Solving Oscillation Problem in Post-Training Quantization Through a Theoretical Perspective
Paper address: https://arxiv.org/pdf/2303.11906.pdf
Project address: https://github.com/bytedance/MRECG
foreword
Post-training quantization (PTQ) is widely considered to be one of the most effective compression methods in practice due to its data privacy and low computational cost
The author argues that the oscillation problem is neglected in the PTQ method
In this paper, the author actively explores and presents a theoretical proof to explain why such questions are common in PTQ
The authors then attempt to address this question by introducing a principled, generalized theoretical framework
Oscillations in PTQ are first formulated and the problem is shown to be caused by differences in module capacities
To this end, the module capacity (ModCap) for data-dependent and data-free cases is defined, where the difference between adjacent modules is used to measure the degree of oscillation
The problem is then solved by selecting Top-k differences, where the corresponding modules are jointly optimized and quantized
Extensive experiments show that our approach successfully reduces performance degradation and generalizes to different neural network and PTQ methods
For 2/4-bit ResNet-50 quantization, our method outperforms the previous state-of-the-art by 1.9%
Becomes more important in small model quantization, e.g. 6.61% higher than BRECQ method on MobileNetV2×0.5
Introduction
Deep neural network (DNN) has rapidly become a research hotspot in recent years and has been applied in various scenarios in practice
However, with the development of DNNs, better model performance is usually associated with huge resource consumption of deeper and wider networks
At the same time, the research field of neural network compression and acceleration aimed at deploying models in resource-constrained scenarios is gradually gaining more and more attention.

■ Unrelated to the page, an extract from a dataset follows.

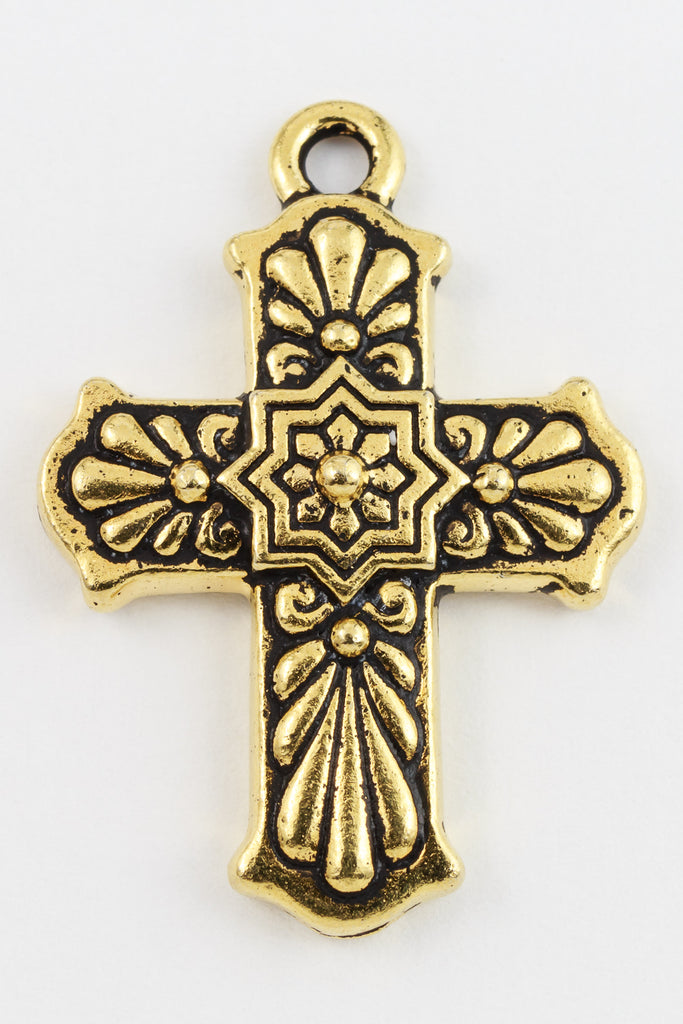 21.25mm x 29.25mm "Talavera" style elaborate cross with 2mm loop at top. Detailed on both sides.
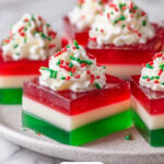 Christmas Ribbon Salad is a festive and colorful layered gelatin dessert featuring lime, lemon, and cherry Jell-O with a creamy marshmallow and cream cheese middle layer. Perfect for holiday gatherings, this refreshing salad is sweet, tangy, and visually stunning with distinct stripes of flavor and texture.

including but not limited to neural architecture search, network pruning and quantization
Among these methods, quantization proposes to convert floating-point network activations and weights to low-bit fixed-point, which can speed up inference or training with little performance degradation.
Generally, quantization methods are divided into quantization-aware training (QAT) and post-training quantization (PTQ)
The former reduces quantization error by quantizing fine-tuning
Despite remarkable results, massive data requirements and high computational costs hinder the widespread deployment of DNNs, especially on resource-constrained devices
Therefore, PTQ is proposed to solve the above problem, which requires only little or zero calibration data for model reconstruction
Since there is no iterative process of quantization training, the PTQ algorithm is very efficient, and quantized models can be obtained and deployed usually within minutes
However, this efficiency often comes at the expense of accuracy
PTQ often performs worse than full-precision models trained without quantization, especially in low-bit compact model quantization
Nagel et al. construct a new optimization function by second-order Taylor expansion of the loss function before and after quantization, which introduces soft quantization with learnable parameters to achieve adaptive weight rounding
Li et al. changed layer-by-layer to block-by-block reconstruction and used the diagonal Fisher matrix to approximate the Hessian matrix to preserve more information
Wei et al. found that randomly disabling some elements of activation quantization smoothes the loss of quantized weights
During reconstruction, the authors observe that all the above methods exhibit varying degrees of oscillation as layers or blocks deepen
According to the authors, this question is critical and has been neglected in previous PTQ approaches
In this paper, 3 questions about the oscillatory problem are answered through rigorous mathematical definitions and proofs
- Why does PTQ oscillate?
- How will the oscillation affect the final performance?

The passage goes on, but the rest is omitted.